What am I doing wrong? I'm open to suggestions of better ways to do this, but I'd also like to know how the Ajax should work, for future reference.
everything you show seems fine. Double check that the ajax layout is there, because if it's not there, the default layout will be used. Use firebug and log function in cake to check if things go as you plan.
A few more suggestions: why do you need to POST to 'ajax/getgrammar' then redirect it to 'films/getgrammar'? And then render ajax.ctp view? It seems redundant to me. You can make the ajax call to 'films/getgrammar', and you don't need the Router rule. You can change ajax.ctp to getgrammar.ctp, and you won't need $this->render('ajax');
this is ajax call
$(function() {
$( "#element", this ).keyup(function( event ) {
if( $(this).val().length >= 4 ) {
$.ajax({
url: '/clients/index/' + escape( $(this).val() ),
cache: false,
type: 'GET',
dataType: 'HTML',
success: function (clients) {
$('#clients').html(clients);
}
});
}
});
});
This the action called by ajax
public function index($searchterm=NULL) {
if ( $this->RequestHandler->isAjax() ) {
$clients=$this->Client->find('list', array(
'conditions'=>array('LOWER(Client.lname) LIKE \''.$searchterm.'%\''),
'limit'=>500
));
$this->set('clients', $clients);
}
}
This is a function I use to submit forms in cakephp 3.x it uses sweet alerts but that can be changed to a normal alert. It's very variable simply put an action in your controller to catch the form submission. Also the location reload will reload the data to give the user immediate feedback. That can be taken out.

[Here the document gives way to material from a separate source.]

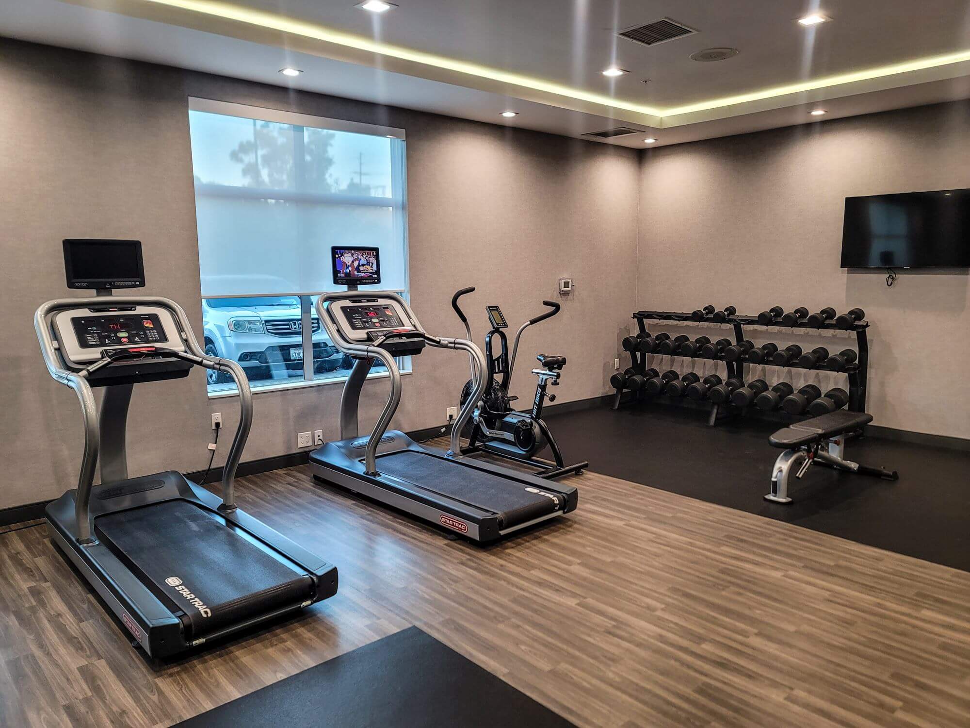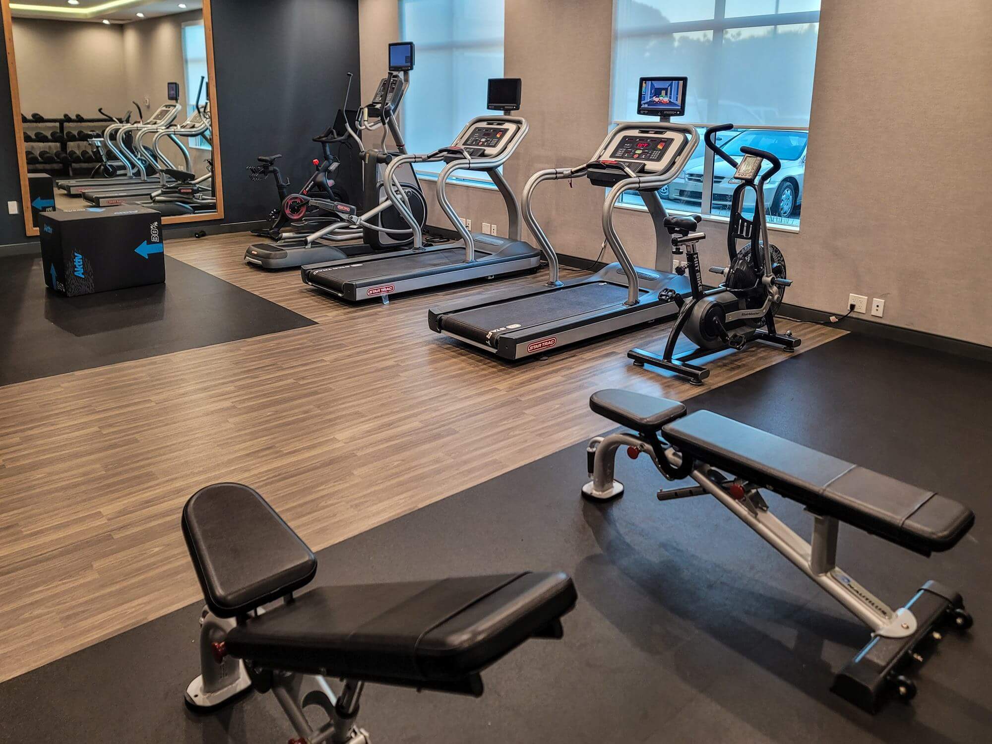 The fitness center has a decent selection of workout equipment, Nothing fancy, just a regular fitness center.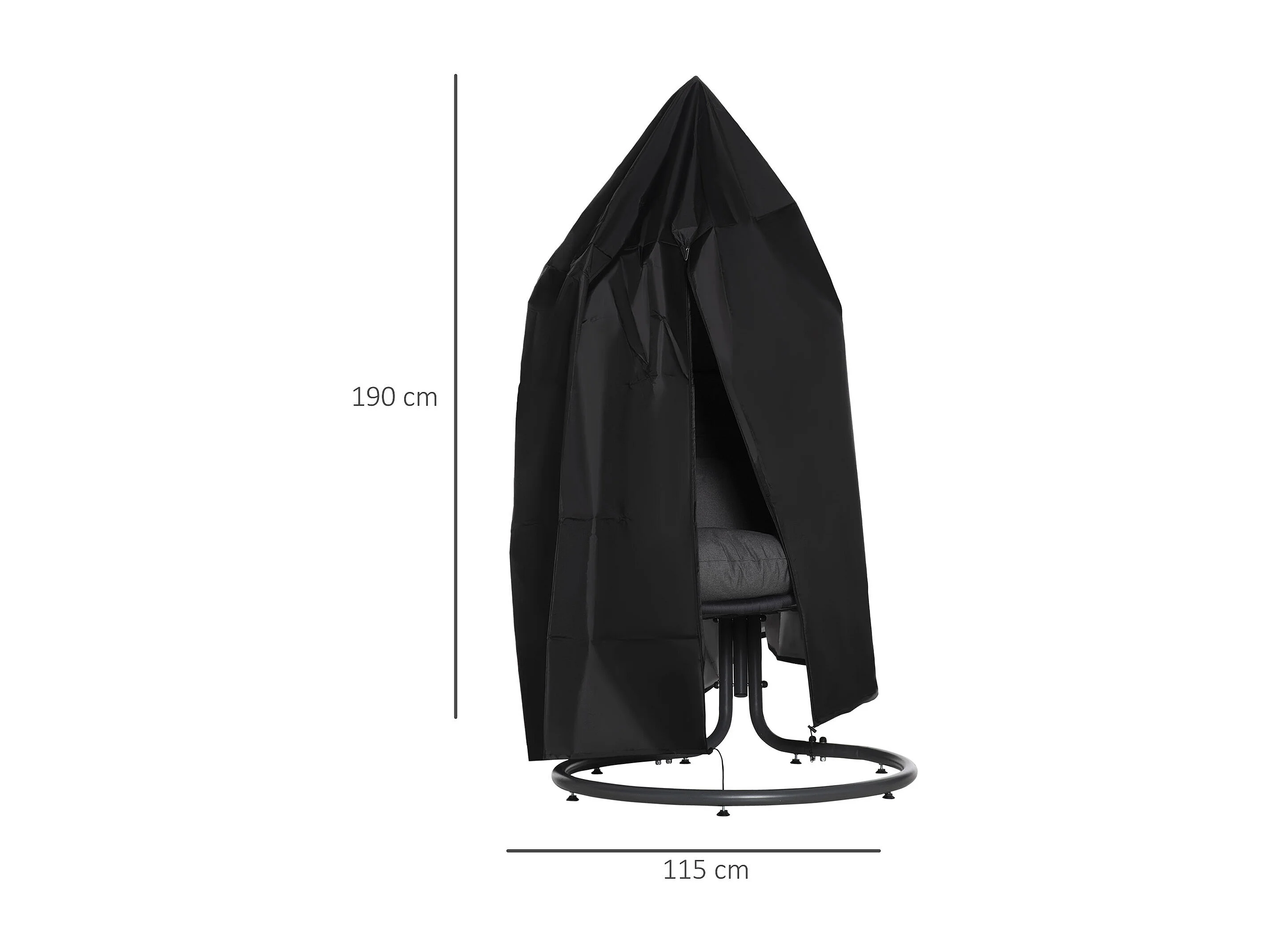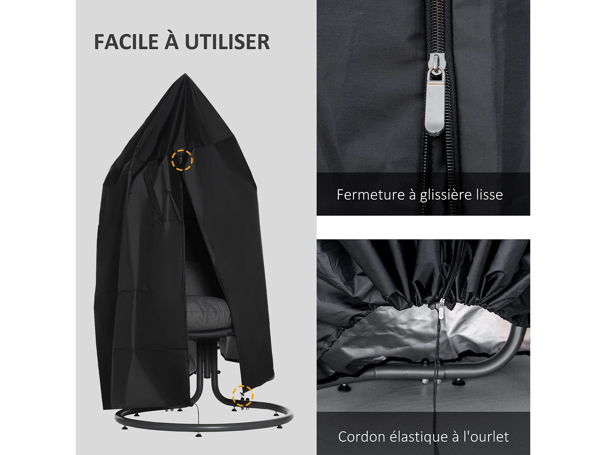 Housse fauteuil suspendu zippée cordon de serrage - dia. 115 x 190H cm - Oxford 210D noir

$('#myForm').submit(function(e) {
// Catch form submit
e.preventDefault();
$form = $(this);
// console.log($form);
// Get form data
$form_data = $form.serialize();
$form_action = $form.attr('action') + '.json';
// Do ajax post to cake add function instead
$.ajax({
type : "PUT",
url : $form_action,
data : $form_data,
success: function(data) {
swal({
title: "Updated!",
text: "Your entity was updated successfully",
type: "success"
},
function(){
location.reload(true);
});
}
});
});